Lastly, psyops. Hmm. Seems I don't have my notes on this right now (at my place of work), so I will post them a bit later on.
What I'm looking at, partly, is how there seems to be a mindset shared by both “conspiracy theorists” and conspiracy debunkers or skeptics.
Peter Knight again:
there have indeed been actual conspiracies here or there in U.S. history, but ... a conspiracy theorist believes that there is “a ‘vast’ or ‘gigantic’ conspiracy as the motive force in historical events” (Hofstadter, 29). According to this kind of view, conspiracy theory is more than just the odd speculation about clandestine causes; it is a way of looking at the world and historical events that sees conspiracies as the motor of history.
Knight writes that: “one of the important functions of conspiracy theory today, namely questioning how much we are in control of our own minds and our own actions through the debate over exactly what is to count as a conspiracy or not.”

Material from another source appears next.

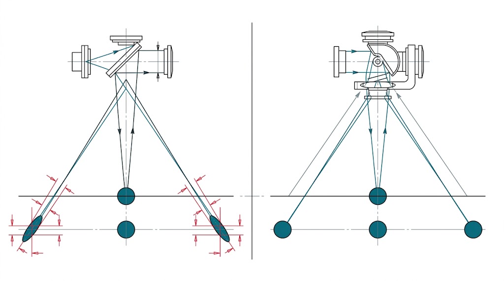 本圖展示光學系統對比。傳統掃描(左)在邊緣產生嚴重的拉長橢圓光斑畸變;單點轉向掃描頭(右)則保持完美、一致的圓形光斑,確保無偏差性能。

This points to the idea that an anti-conspiracy position is really a philosophical position rather than a historical or factual one. Many people tend to reject the idea of long-term, organized conspiracies, not on a case-by-case basis but on principle. And in the same way, many people who do advocate for a “grand conspiracy” fall into the exact same trap, that of extrapolating prematurely from the evidence of long-term social engineering strategies and policies the existence of a single, cohesive group and agenda behind them (the Illuminati, the Masons, the Jews, etc.). In both cases—whether the philosophical position is to believe or to debunk—a perceived order, direction, and design is literalized, in much the same way that religious people literalize the evidence of a divine order into hierarchies of angels, gods, and demons.